The oldest issue in the needs review queue (at the time of this writing) is nine years and nine months old. The most recent patch was posted in 2011, passed 190 simpletest test, and was never retested. The most recent comment was in 2018, suggesting it should be closed as no longer relevant but not actually changing the status. In general, an issue that needs review is either ready to commit, needs more work, or isn’t applicable. The ideal state of the needs review queue then would be a shortlist of issues (tens, not hundreds) that have just been marked needs review, then quickly get feedback so they can go back for another round of work or on to commit.

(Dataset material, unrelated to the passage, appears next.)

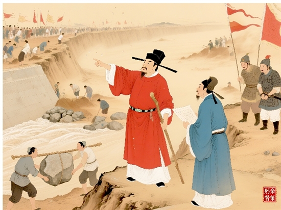 经勘查,胡则颁布第一道知州令:“举城治水,务绝水患!”有二大策略:一是修钱塘长堤以挡江潮;二是浚城内运河以畅水脉。他日夜操劳,严惩贪腐,还经常亲临工地与役夫一起劳作。百姓深感胡则的赤诚,踊跃参加治水。大家肩扛巨石筑堤,手掘淤泥通河,昼夜不息。不久,巍然长堤如巨龙卧波,深阔运河像玉带环城。

On the other hand, there are many reasons why issues might be “active” or “needs work.” Many issues are legitimately at that state while solutions and patches are being worked on, while many more will be essentially unviable — duplicates, bugs that should have been posted against contrib modules, cannot reproduce, etc.

With a large number of issues against core, many are closely related or duplicates. This often results in split efforts and isolation; for example, people experiencing a bug post a new issue rather than finding an existing issue with a working patch, which they might be able to contribute to reviewing and getting committed. Or two sets of people work on patches in different issues, one ultimately getting discarded after weeks, months, or years when the other is committed.

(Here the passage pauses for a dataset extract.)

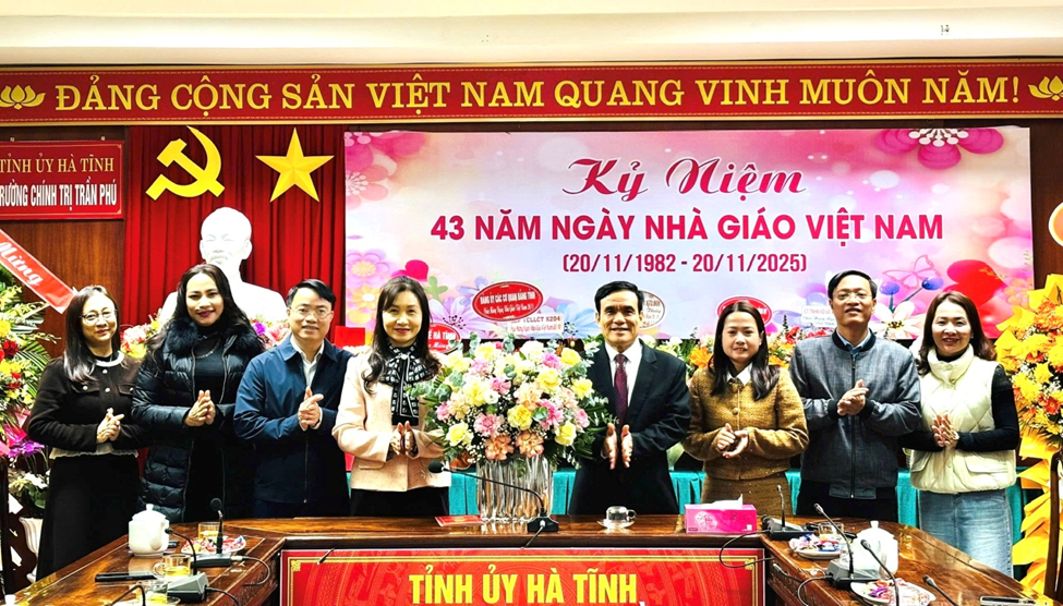 Nhân dịp Kỷ niệm 43 năm Ngày Nhà giáo Việt Nam (20/11/1982 - 20/11/2025), sáng ngày 19/11, đoàn công tác Đảng ủy các cơ quan Đảng tỉnh do đồng chí Nguyễn Thị Mai Thủy - Tỉnh ủy viên, Phó Bí thư Đảng ủy làm trưởng đoàn đã đến tặng hoa, chúc mừng Ban lãnh đạo, đội ngũ thầy cô giáo, cán bộ, nhân viên Sở Giáo dục và Đào tạo Hà Tĩnh và Trường Chính trị Trần Phú.

The Drupal community is extremely reluctant to move issues to won't fix/by design/duplicate/outdated. While marking an issue duplicate usually connects it to another active one, the other statuses are a dead end. On the one hand, this makes the issue queue friendlier, where other projects might immediately reply to a bug report or feature request with “won't fix”; on the other, it makes it hard to know what has a viable route to commit and what doesn't.

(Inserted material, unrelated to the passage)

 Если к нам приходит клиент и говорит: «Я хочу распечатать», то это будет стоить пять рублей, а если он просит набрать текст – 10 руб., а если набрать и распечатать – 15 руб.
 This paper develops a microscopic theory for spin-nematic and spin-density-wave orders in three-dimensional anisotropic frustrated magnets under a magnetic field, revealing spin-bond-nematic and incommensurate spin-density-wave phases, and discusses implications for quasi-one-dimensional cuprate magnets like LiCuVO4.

For example, there are 549 issues marked “postponed, maintainer needs more info.” The oldest was put into that state 10 years and one month ago.

Possible solutions

  • Retesting of “needs review” issues. Many “needs review” issues haven't had a test run in several years.  
  • Show related issues via apachesolr-related content in addition to the current manual links, and display these in a block when viewing issues may enable duplicates to be more quickly identified.
  • When posting a new issue, we could try to find similar issues based on the contents of the form before it is posted, potentially preventing duplicate issues from being posted in the first place.
  • The above and a few other issues are collected under this meta.
  • Develop more precise criteria for invalid issues to be closed (cannot reproduce etc.) and deal with both.
  • Critical and major triage, carried out by core committers, sometimes with subsystem maintainers, effectively reduced the length of both queues (especially as Drupal 8 was nearing release). We could look at reviving this. However, the number of critical issues has remained relatively steady since Drupal 8’s release.
  • Bugsmash has lowered, or at least flattened, the total number of bugs against core, including fixing some very old issues. Could we set up a similar triage initiative for tasks?